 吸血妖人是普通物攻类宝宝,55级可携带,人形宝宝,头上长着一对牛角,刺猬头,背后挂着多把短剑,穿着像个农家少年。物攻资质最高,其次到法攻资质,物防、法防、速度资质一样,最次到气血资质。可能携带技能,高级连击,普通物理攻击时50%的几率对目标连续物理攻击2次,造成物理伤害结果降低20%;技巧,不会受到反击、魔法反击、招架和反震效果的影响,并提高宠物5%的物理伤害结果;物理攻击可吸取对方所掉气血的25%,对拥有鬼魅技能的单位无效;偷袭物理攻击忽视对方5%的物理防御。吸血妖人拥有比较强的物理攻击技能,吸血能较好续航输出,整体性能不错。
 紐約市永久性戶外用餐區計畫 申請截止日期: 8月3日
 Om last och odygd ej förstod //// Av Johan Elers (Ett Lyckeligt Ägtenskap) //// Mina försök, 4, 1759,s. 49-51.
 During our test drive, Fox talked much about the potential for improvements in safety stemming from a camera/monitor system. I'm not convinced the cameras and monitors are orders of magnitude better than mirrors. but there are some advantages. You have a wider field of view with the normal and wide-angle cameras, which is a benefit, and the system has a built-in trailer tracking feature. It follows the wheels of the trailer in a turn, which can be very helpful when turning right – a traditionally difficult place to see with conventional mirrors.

---

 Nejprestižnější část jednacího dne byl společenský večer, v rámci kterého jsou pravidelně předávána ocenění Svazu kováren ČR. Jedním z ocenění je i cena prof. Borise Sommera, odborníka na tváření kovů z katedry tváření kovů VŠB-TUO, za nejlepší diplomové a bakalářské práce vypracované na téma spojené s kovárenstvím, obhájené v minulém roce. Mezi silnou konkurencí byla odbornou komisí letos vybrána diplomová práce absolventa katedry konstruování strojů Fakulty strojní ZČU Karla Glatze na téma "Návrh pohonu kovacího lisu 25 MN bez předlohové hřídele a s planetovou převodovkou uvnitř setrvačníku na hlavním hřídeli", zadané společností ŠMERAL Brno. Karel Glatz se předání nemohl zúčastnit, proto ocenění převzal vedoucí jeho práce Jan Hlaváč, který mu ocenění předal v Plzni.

* * *

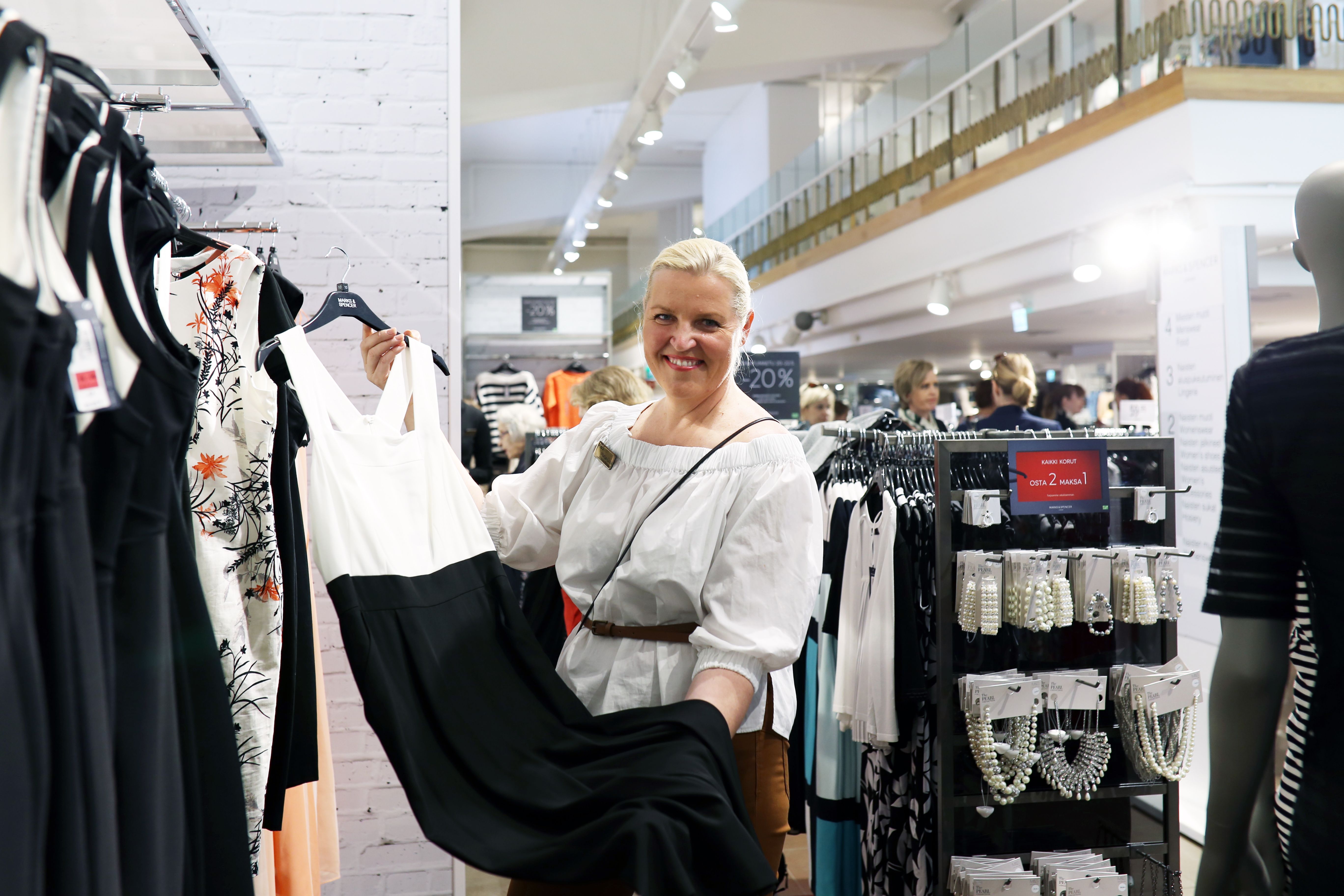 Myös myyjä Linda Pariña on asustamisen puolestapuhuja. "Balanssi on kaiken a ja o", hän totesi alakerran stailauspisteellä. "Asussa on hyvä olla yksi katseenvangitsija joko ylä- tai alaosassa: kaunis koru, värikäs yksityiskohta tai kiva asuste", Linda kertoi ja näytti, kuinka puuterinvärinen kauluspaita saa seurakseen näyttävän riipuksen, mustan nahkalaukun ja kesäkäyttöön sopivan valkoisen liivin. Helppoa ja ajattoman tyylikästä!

### EXERCISE DESCRIPTION
Could you restate word for word the lines above, from the one that contains "紐約市永久性戶外用餐區計畫 申請截止日期: 8月3日" through the one that contains "During our test", and no others?

### ANSWER TO THIS PROBLEM
 紐約市永久性戶外用餐區計畫 申請截止日期: 8月3日
 Om last och odygd ej förstod //// Av Johan Elers (Ett Lyckeligt Ägtenskap) //// Mina försök, 4, 1759,s. 49-51.
 During our test drive, Fox talked much about the potential for improvements in safety stemming from a camera/monitor system. I'm not convinced the cameras and monitors are orders of magnitude better than mirrors. but there are some advantages. You have a wider field of view with the normal and wide-angle cameras, which is a benefit, and the system has a built-in trailer tracking feature. It follows the wheels of the trailer in a turn, which can be very helpful when turning right – a traditionally difficult place to see with conventional mirrors.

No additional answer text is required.